Why is it called "world"?

Is it related to "The All" (SN 35.23)?

“And what, bhikkhus, is the origin of the world? In dependence on the eye and forms, eye-consciousness arises. The meeting of the three is contact. With contact as condition, feeling comes to be; with feeling as condition, craving; with craving as condition, clinging; with clinging as condition, existence; with existence as condition, birth; with birth as condition, aging-and-death, sorrow, lamentation, pain, displeasure, and despair come to be. This, bhikkhus, is the origin of the world.

“In dependence on the ear and sounds … In dependence on the nose and odours … In dependence on the tongue and tastes … In dependence on the body and tactile objects … In dependence on the mind and mental phenomena, mind-consciousness arises. The meeting of the three is contact. With contact as condition, feeling comes to be; with feeling as condition, craving; with craving as condition, clinging … existence … birth; with birth as condition, aging-and-death, sorrow, lamentation, pain, displeasure, and despair come to be. This, bhikkhus, is the origin of the world.

“And what, bhikkhus, is the passing away of the world? In dependence on the eye and forms, eye-consciousness arises. The meeting of the three is contact. With contact as condition, feeling comes to be; with feeling as condition, craving.

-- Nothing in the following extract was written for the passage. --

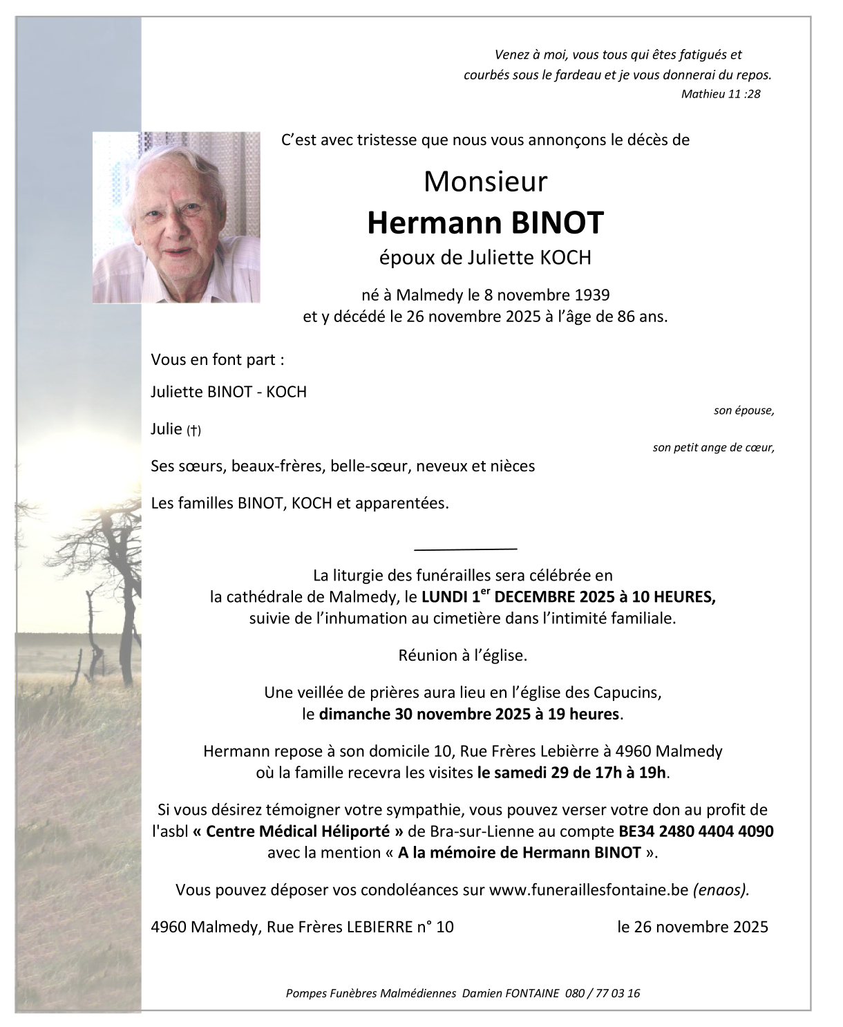 Décédé à Malmedy (4960, Belgique) le mercredi 26 novembre 2025 à l'âge de 86 ans
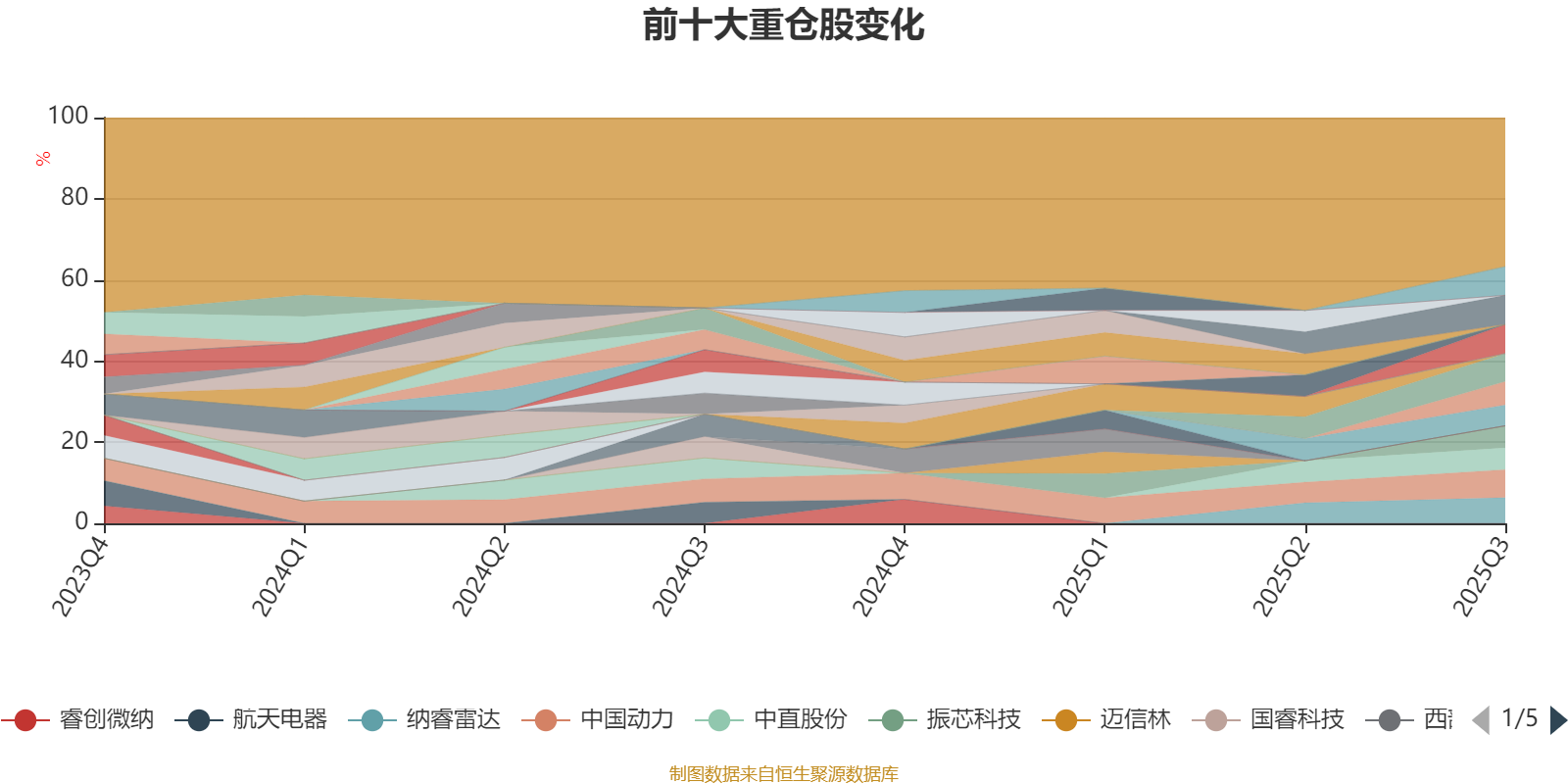 该基金持股集中度较高。截至2025年三季度末,基金十大重仓股分别是鸿远电子、火炬电子、高德红外、中国动力、臻镭科技、纳睿雷达、盟升电子、振芯科技、中直股份、菲利华。

But with the remainderless fading away and cessation of that same craving comes cessation of clinging; with the cessation of clinging, cessation of existence; with the cessation of existence, cessation of birth; with the cessation of birth, aging-and-death, sorrow, lamentation, pain, displeasure, and despair cease. Such is the cessation of this whole mass of suffering. This, bhikkhus, is the passing away of the world.

“In dependence on the ear and sounds … … In dependence on the mind and mental phenomena, mind-consciousness arises. The meeting of the three is contact. With contact as condition, feeling comes to be; with feeling as condition, craving. But with the remainderless fading away and cessation of that same craving comes cessation of clinging … cessation of existence … cessation of birth; with the cessation of birth, aging-and-death, sorrow, lamentation, pain, displeasure, and despair cease. Such is the cessation of this whole mass of suffering. This, bhikkhus, is the passing away of the world.”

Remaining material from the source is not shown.